L’essenza del deluchismo è proprio la miscela di vecchio e di nuovo, il suo presentarsi come arcaico e modernizzatore. «Può non piacere il suo stile tribunizio», spiega il politologo Mauro Calise. «Ma la sua battaglia per la buona amministrazione non paralizzata dai veti è positiva. In questo la Campania rappresenta un laboratorio nazionale. Una prova per vedere se il messaggio può funzionare nel resto del Paese. Anche per Renzi».
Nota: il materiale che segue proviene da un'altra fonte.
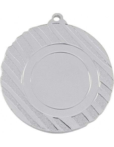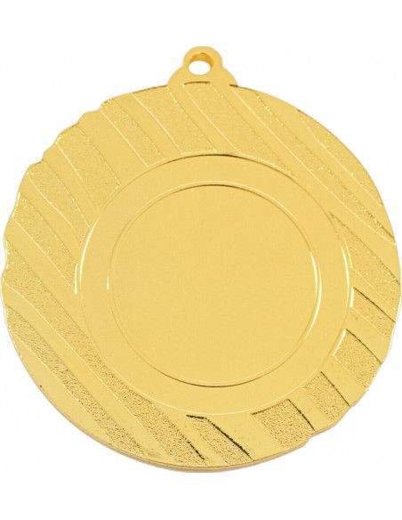 Medalla deportiva con rayas fabricada en metal con baño de color oro, plata o bronce. Diseño con circulo central y ranura para cinta. Grabación en la parte posterior incluida en el precio junto con una cinta a elegir de 1 cm. Cantidad mínima 25 unidades.
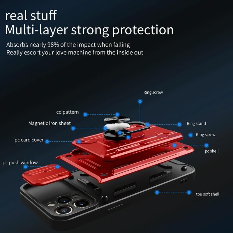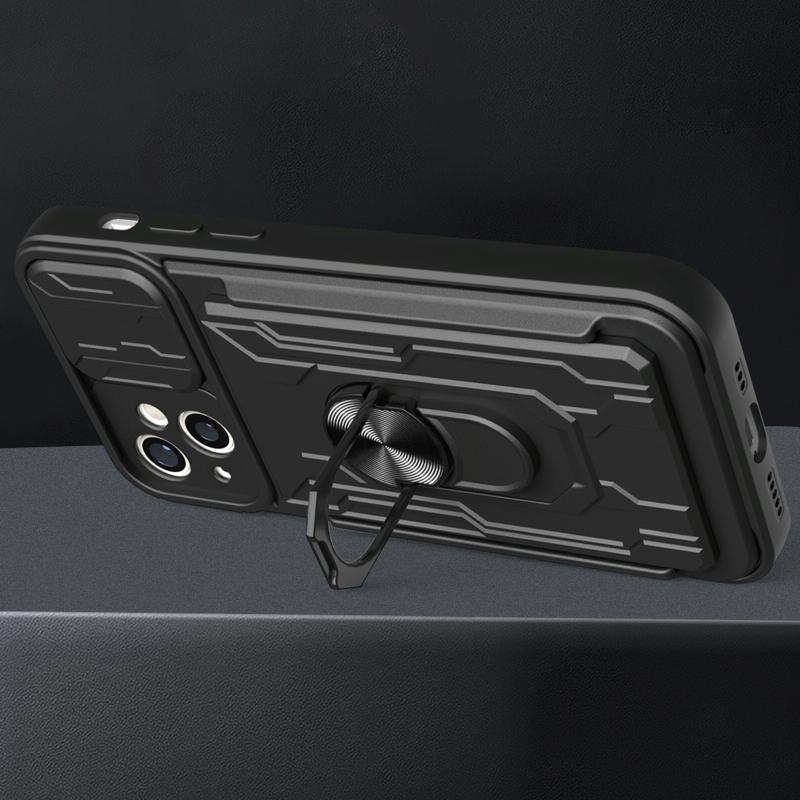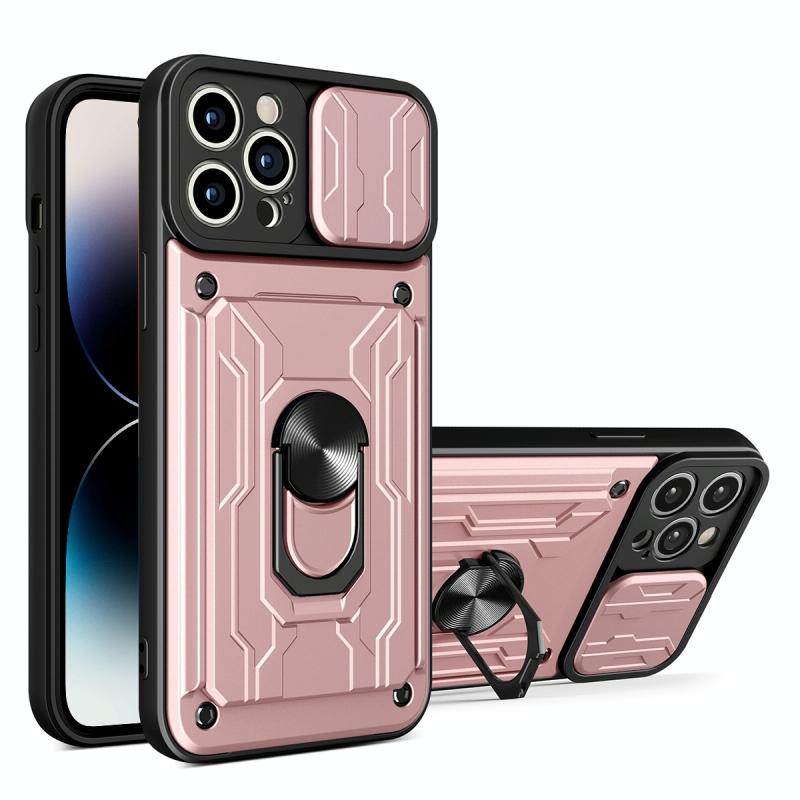Θήκη κινητού τηλεφώνου για iPhone 14 Pro με συρόμενο προστατευτικό κάμερας Camshield, κατασκευασμένη από TPU+PC με υποδοχή κάρτας (Περλέ Λευκό).

Come Renzi, De Luca in Campania si muove nel vuoto della classe dirigente. Il nuovo Pd non esiste, doveva interpretarlo Gennaro Migliore e si è dileguato. A destra Caldoro deve far dimenticare cinque anni di immobilismo, la devastazione del sistema dei trasporti, fiore all’occhiello di Bassolino, la cattiva gestione dei fondi europei. Sul piano politico c’è la frana di Forza Italia. E c’è la galassia centrista in agitazione. L’uomo forte dell’Ncd in regione è il sottosegretario Gioacchino Alfano. La sfinge Ciriaco De Mita ancora non si è espresso, per invogliarlo, forse, la regione di Caldoro ha appena stanziato cinque milioni di euro per il comune di Nusco del vecchio leader. I collettori dei voti, tipo Pasquale Sommese traslocato da Bassolino a Caldoro, valutano il da farsi.

Il segretario dell’Udc salernitano Luigi Cobellis si è già spostato, entra e esce dal comitato De Luca dove si è presentato anche l’ex sfidante delle primarie Cozzolino con le sue truppe a disposizione. I gruppi di pressione cominciano a schierarsi. Il tam tam segnala De Luca in difficoltà nel mondo della sanità e tra gli imprenditori, in ripresa nel potentissimo mondo universitario, nonostante l’ex rettore della Federico II Guido Trombetti sia assessore di Caldoro. E c’è l’incognita Caserta, come si muoverà quel che resta del sistema Cosentino. Vicienz’ aspetta. Per la campagna ha scelto una parola a sorpresa. Desiderio di cambiare, di non vedere più la Campania ultima nelle classifiche. Ma per lui, il combattente all’ultima guerra, il desiderio è sempre lo stesso. Lo accomuna al sindaco d’Italia che governa da Roma. Vincere.